The digitalized ECG signals were analyzed with Kubios software. HRV module analyses beat-to-beat interval variation in ECG recordings by detecting the R waves from each ECG waveform and generating an R-R interval tachogram. Then, power spectral density was determined by Fast Fourier Transformation of interval tachogram. HRV analysis includes time and frequency domain indices. Time-domain indices in milliseconds include RMSSD-square root of the mean of the sum of the squares of differences between adjacent NN intervals, pNN50(%)-the percentage of the difference between adjacent NN intervals that are greater than 50 ms. Frequency domain indices include LF (Low Frequency) power, HF (High Frequency) power. The LF and HF are expressed in a ‘normalized unit’ (nu) in our study [9].
Then, the subjects were asked to perform Harvard Step Test, and immediately after the exercise, ECG was recorded for the next 15 minutes. However, only the first 5 minutes of recovery ECG data were considered for the study.

Protocol for Harvard Step Test (HST)
Subjects were asked to perform standard HST by alternately stepping up and down on a 16 inch high stool at a rate of 40 steps/minute for a maximum of five minutes or till complete fatigue, whichever occurs earlier [11].

Statistical Analysis
Mean ± SD of HRV parameters for both control and overweight groups in resting and post-exercise period were determined. Comparison between groups was done using a 2-tailed Mann-Whitney U-nonparametric test. Whereas, Spearman’s Correlation test was used to assess the correlation between BMI and HRV parameters for each group.

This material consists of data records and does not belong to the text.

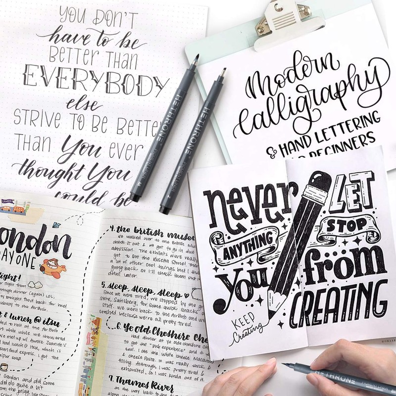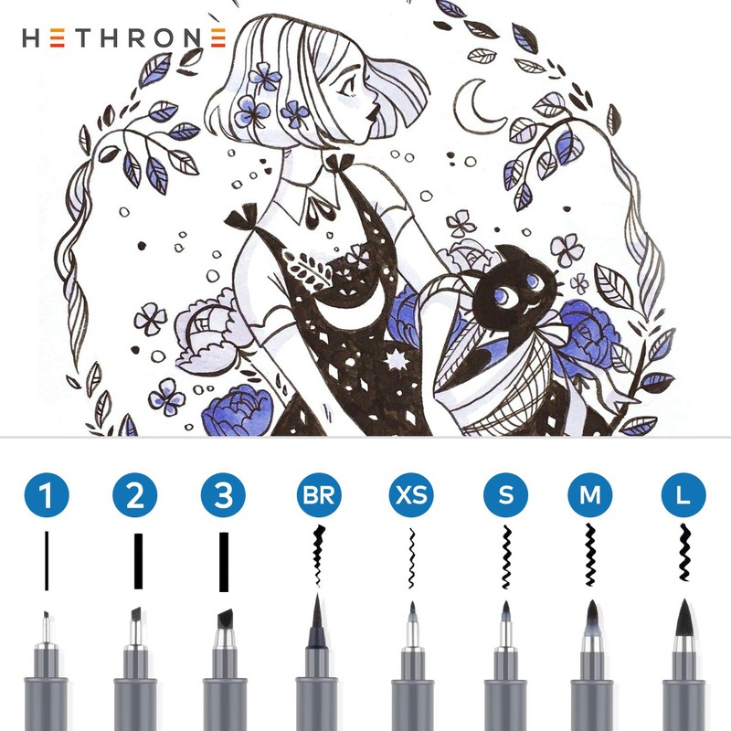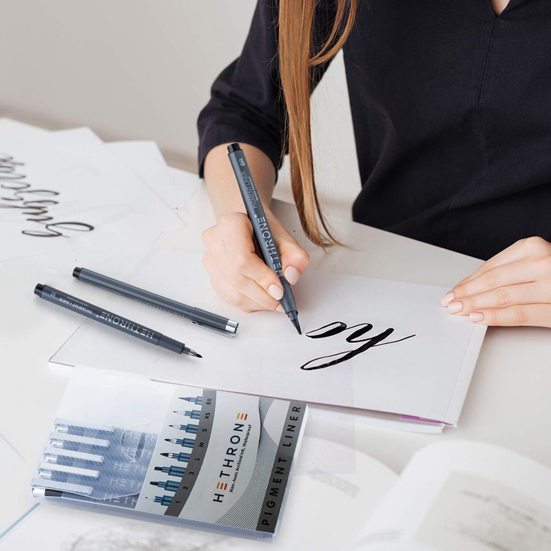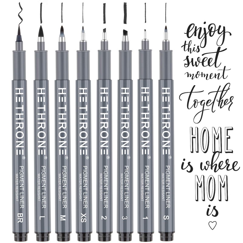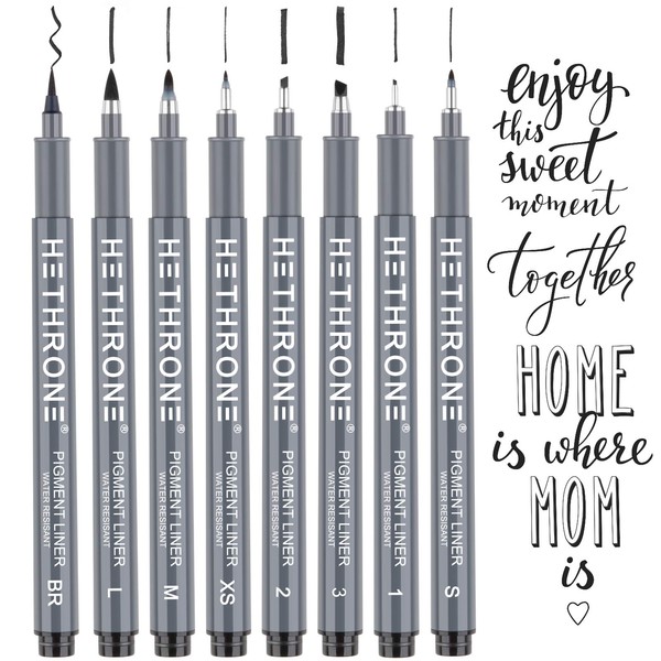 Hethrone Hethrone Kalligraphie Stifte, Handlettering Stifte und Schwarz Kalligraphie Set für Anfänger Schreiben, Unterschrift, Illustration Design und Zeichnen (8 Größe)
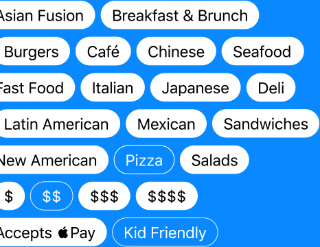 It’s quick and easy to find just what you’re looking for in Maps. Use ultra-targeted filters to search for restaurants by cuisine, price range, and whether they offer takeout. Or choose to see only places that are open right now. Want to broaden your search? Just move the map, and your search results update automatically. Want something closer to home? Tap Nearby to find local places in categories like Restaurants, Gas Stations, Coffee, Hotels, Bars, Fast Food, Groceries, and Shopping Centers. Locations are displayed on the map with colorful badges, making it even easier to pinpoint your picks.
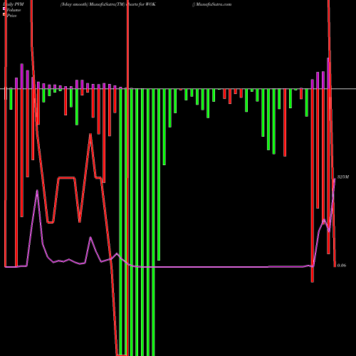PVM Price Volume Measure chartss of daily price volume action, Weekly price volume action, Monthly price volume action of WOK USA
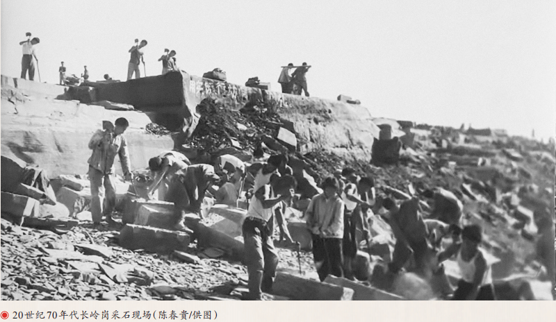 《旧唐书·地理志》青石县:“以县界有青石祠为名。”《太平寰宇记》 卷87青石县:“以界内有青石山为名。”“青石县……出青石,可以为磬。”“此山,天下青石无佳于此,可为钟磬。”事实上,大岩洞东侧的长岭岗周边除鲤鱼石、洗布石、五虎石、莲花石之外,其中段有长约500米、宽约60米巨石,如巨鱼脊背,石质坚硬,表面呈青灰色,纹理纵横交错,长岭岗也可以说是一座石山。1976年潼南举全县之力修建三块石水电站,从三块石至姬家坝、花滩桥、桂花口、姜家坝、大岩洞、观音场开凿引水渠道,渠长约15千米、宽约30米。长岗岭部分被开凿成渠道,该段工程由复兴团(修电站时全县以村为连、公社为营、区为团进行管理)负责,施工难度异常艰巨,其中一段长300米,石山下端10米深处石色为青黑,块状层层叠叠,石质尤为坚硬,铁锤钢钎开凿溅出火花,敲击发出清脆响声,石工周身沾满黑灰,洗脸、洗澡、洗衣之水均为青黑色。此外,三块石建设指挥部在大岩洞、五虎石等地开设石场,万名石工在此开凿3年,为三块石水利工程源源不断开采石料,长岭岗区域的多处巨石从此消失。如今,去冲沙闸旁的佛耳岩陡岩边、大岩洞旁音乐百花园内,还能看到当年开凿岩石的部分痕迹,在长岭岗段渠河两岸也能找到当年开凿留下的小块青石。
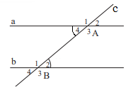 Vì đường thẳng c cắt hai đường thẳng a và b tạo thành một cặp góc so le trong ( góc A4 và B3) bằng nhau nên a // b ( Dấu hiệu nhận biết 2 đường thẳng song song)
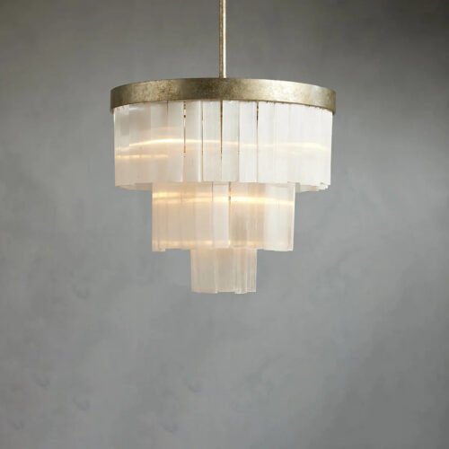 Our Cameron Lighting Collection is adorned with natural selenite crystals and hangs under an iron frame to reflect the elegant light. Our hand brushed antique silver finish creates a glamorous aesthetic.
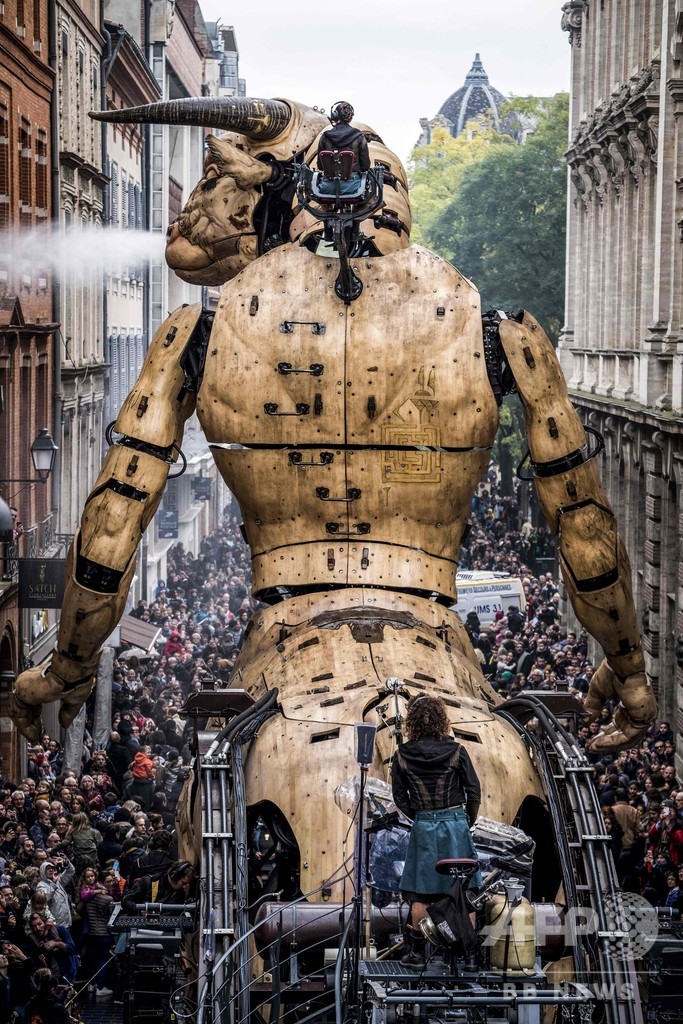 機械仕掛けで動く巨大アステリオンとアリアーヌは、街頭演劇グループ「ラ・マシーヌ(La Machine)」によるショー「神殿の守護者」の一環として登場。市内を練り歩いて市民を興奮させた。(c)AFP
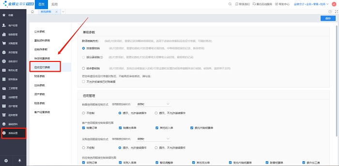 1、单击【系统设置】→【系统参数】→【应收应付参数】,即可以对应收应付进行设置。
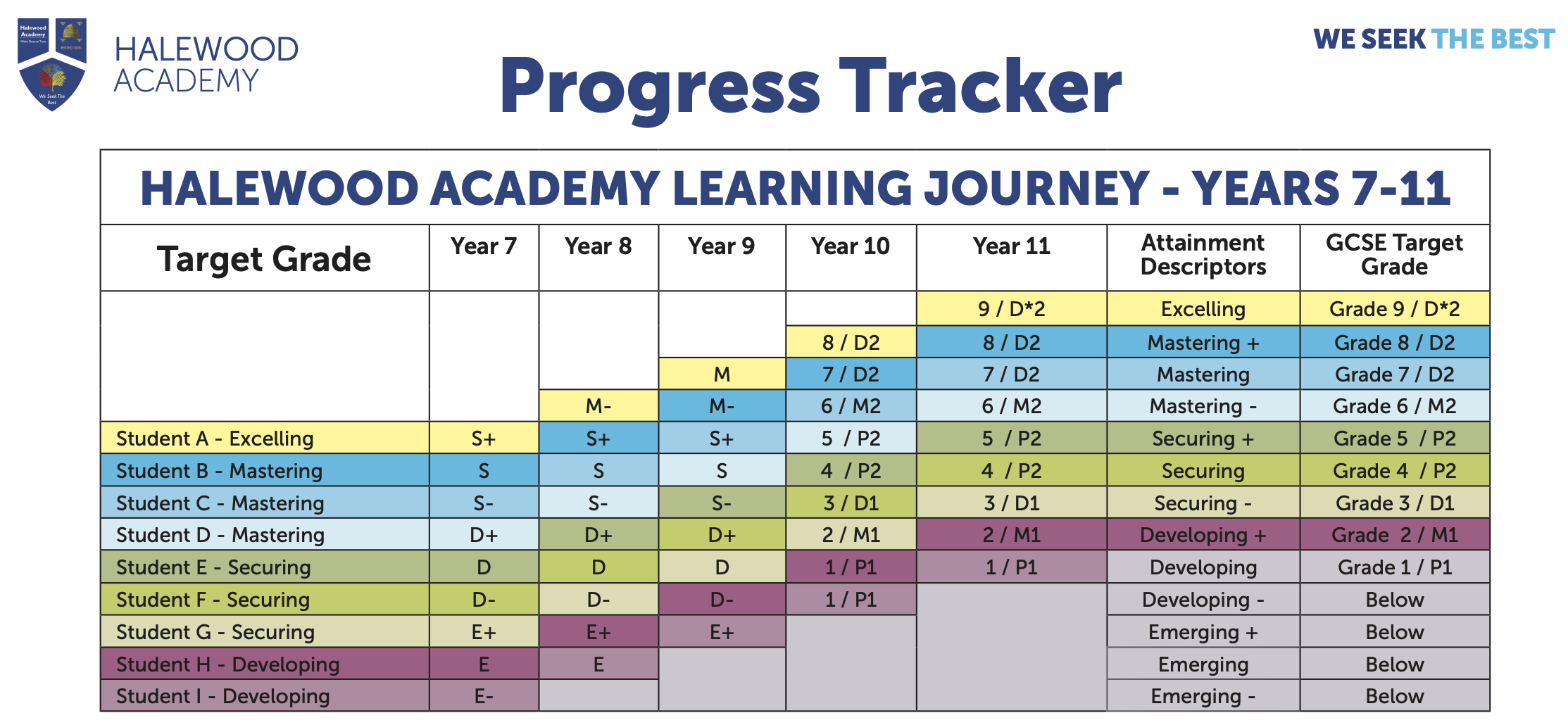 In years 7 - 9 we use prior attainment from Key Stage 2 and some practical subjects may use a robust baseline. Each student is then assigned a progress pathway that is relative to each child’s ability so we, your child and yourselves can monitor their progress. These targets are then reviewed at the end of the year to ensure they are still aspirational and appropriate.
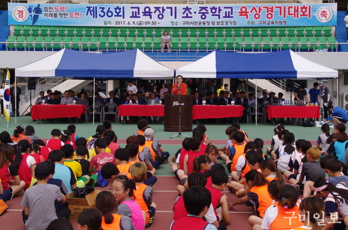 구미교육지원청(교육장 노승하)은 지난 6월 9일(금) 구미 시민운동장에서 육상 꿈나무들이 한자리에 모여 “힘찬 도약! 미래를 향한 도전!”이라는 슬로건 아래 제36회 교육장기 초·중학교육상경기대회를 개최했다.
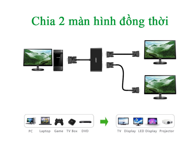 ✨Bộ chia VGA 1 ra 2 Ugreen 20918 - Hàng chính hãng
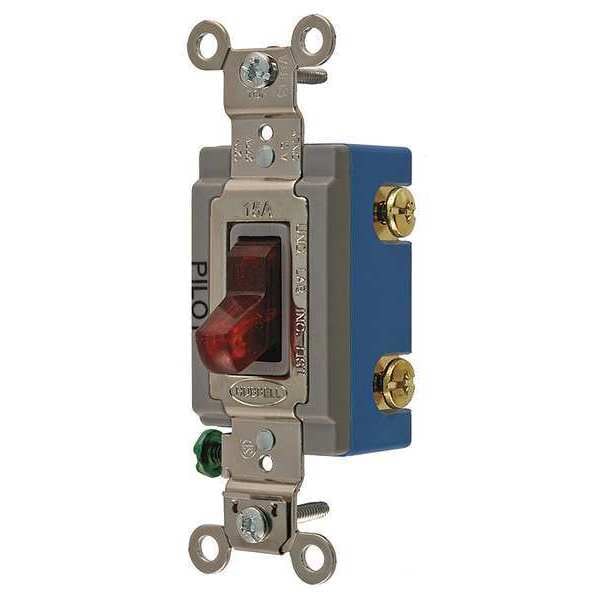 Pilot Light Wall Switch, Color Red, Current Rating 15 A, Pilot Light Yes, Switch Function Maintained, Switch Type 3-Way, Voltage Rating 120/277V AC, Wiring Method Back, Side, Horsepower Rating 1/2 hp, Maximum Wire Size 10 AWG, Minimum Wire Size 14 AWG, Number of Switches 1, Resistance Properties Shatter and Crack Resistant, Impact Resistant, Standards UL Listed, Switch Style Toggle, Wire Connection Type Screw Terminals
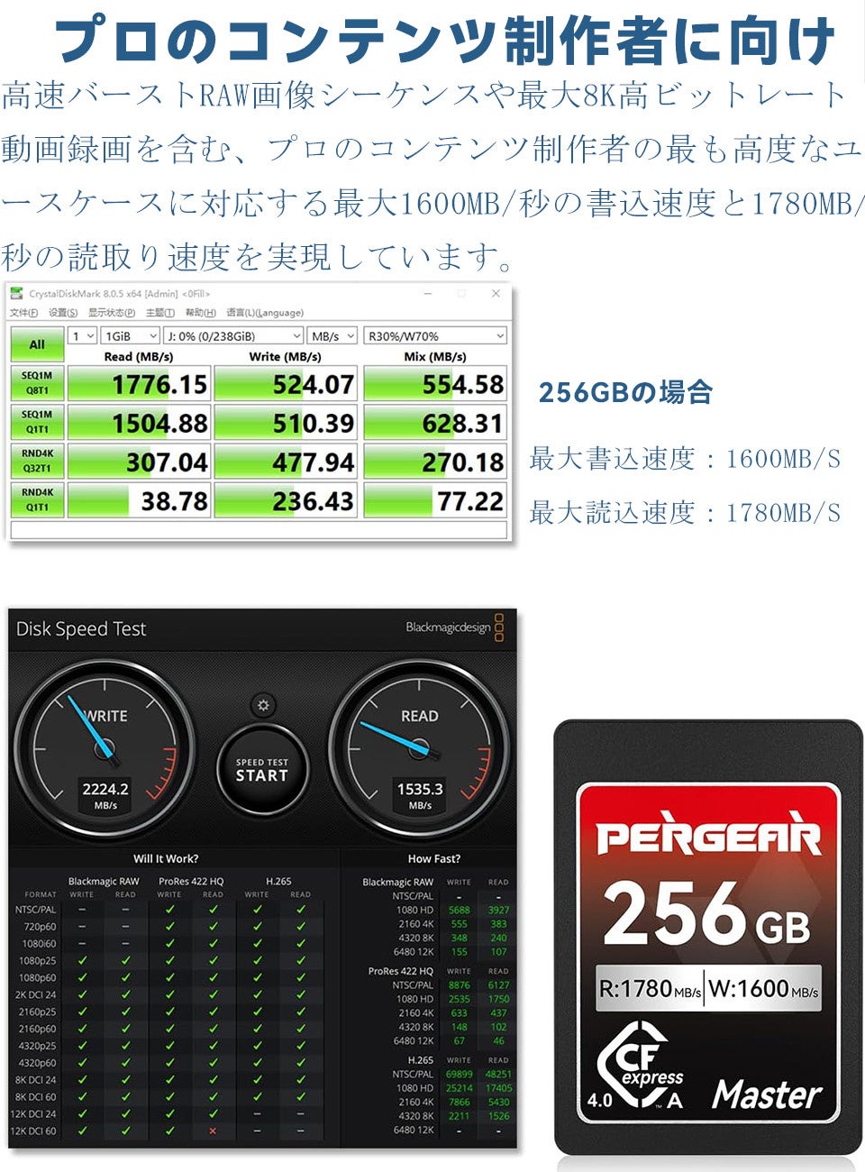 ●Pergear CFexpress 4.0 Type A メモリカードは、最新の USB4.0 インターフェイスを採用し、1780MB/秒の驚異的な読み取り速度と 1600MB/秒の書き込み速度を実現し、最も要求の厳しい 4K および 8K ビデオ録画や、高解像度の RAW 画像の連続撮影にも対応します。
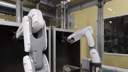 同ロボットは、多関節ロボット2機で構成するロボットアームとドライアイスを使用し、自動でクリーニング作業を行うことができるもので、ドライアイスの粒子を圧縮空気で噴射させ、短時間で機器の汚れを除去する。氷点下79度のドライアイスを用いることにより、付着物の表面温度が急激に低下し、熱収縮によって付着物と機器本体との間に隙間が発生、その隙間にドライアイスの粒子が入り込み、750倍の体積膨張によって付着物を剥離する仕組み。
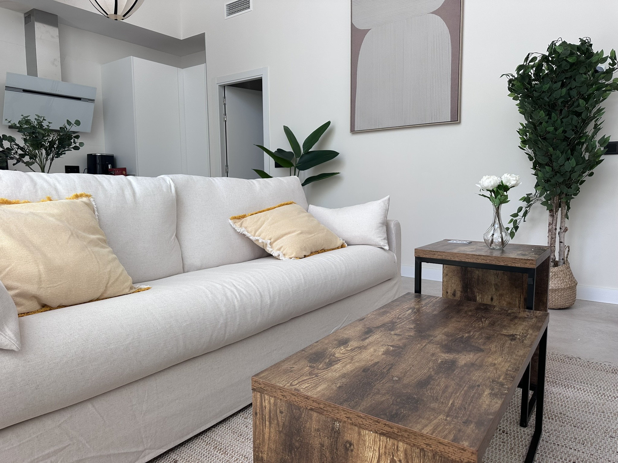 This charming one-bedroom apartment, located in the heart of Jerez, is the perfect refuge for a romantic getaway. The warm bedroom, with its comfortable double bed, invites rest and moments of relaxation together, while the living room, with a double sofa bed, offers additional space to make your stay even more comfortable or more flexible for small groups. The carefully thought-out decoration creates an atmosphere of comfort, ideal for enjoying every corner of this home as a couple.
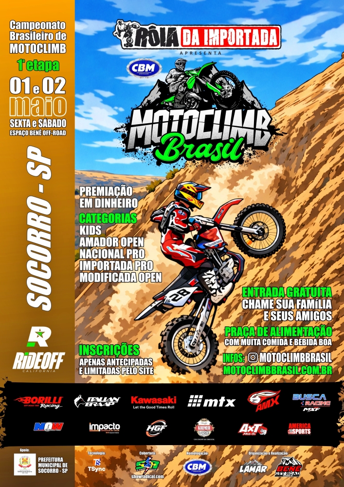 A temporada 2026 do Campeonato Brasileiro de MotoClimb começa nesta sexta-feira, 1º de maio, e sábado, 2 de maio, no Espaço Bene Off-Road, em Socorro (SP), com a realização da 1ª etapa da competição oficial da modalidade no país. Reconhecido como uma das formas mais antigas do motociclismo mundial, o MotoClimb (ou Hill Climb) ganhou status oficial no Brasil em 2024, após homologação da Confederação Brasileira de Motociclismo (CBM), consolidando-se como o primeiro e único campeonato brasileiro da história da modalidade.
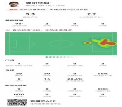 体育资讯2月3日报道宣称 曼城在本轮英超1-5惨败阿森纳,奥尔特加本场数据如下:
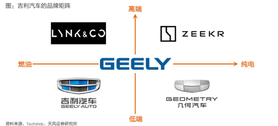 圖:吉利旗下品牌矩陣 來源:天風證券
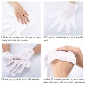 • Step 1: Open the package, take out the hand mask, and apply the essence evenly.
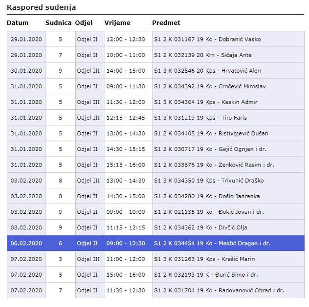 Ovaj proces vodi sutkinja Dalida Burzić, a u rasporedu suđenja u Sudu Bosne i Hercegovine navedeno je da će ročište o određivanju mjera zabrane bit održano u periodu od 9:00 do 12:30 sati.
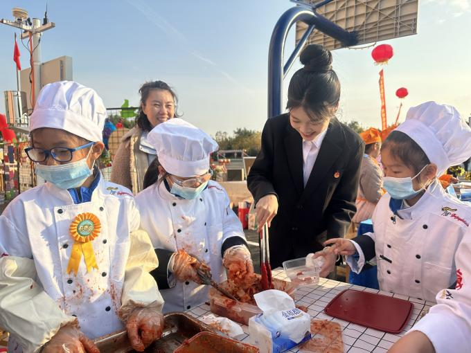 活动以“党建引领、以劳践学、服务师生”为核心,学生们充分发挥先锋带头作用,提前深入研学传统美食制作技艺,明确食材处理、调料配比、火候把控等实操关键要点。在腌泡菜环节,耐心指导小朋友完成蔬菜清洗、简单切分等安全操作;在煎豆包环节,小朋友们在学生助教的帮助下,完成豆包摆放、小火慢煎、翻面观察等安全操作,尽情感受烹饪的乐趣。作为未来的幼教工作者,学生们在服务型劳动中践行“做中学、学中教”理念。活动尾声,大家将封装好的泡菜与热乎的煎豆包分享给师生,用亲手制作的美食传递劳动温情。

A p-value of less than 0.05 was considered statistically significant.

Results

Adult healthy male subjects between the age group of 17-25 years (n=42) who met all the inclusion and exclusion criteria were divided into two groups: Group 1 (control) with BMI between 18.5-24.99 and Group 2 (overweight) with BMI ≥ 25.

i. Physical Characteristics

The average BMI of Group 1was 20.99 ± 1.56 and Group 2 was 26.42 ± 1.04 which was found to be significantly different (p<0.05).

ii. At Rest

a) HRV indices: The time-domain measures, RMSSD and pNN50 were 78.11 ± 20.6 ms and 34.18 ± 19.97% respectively for the normal BMI subjects which were significantly higher (p<0.05) than overweight individuals (RMSSD 49.23 ± 18.87 ms and pNN50 18.51 ± 9.13%) (Table 1 and Figure 1).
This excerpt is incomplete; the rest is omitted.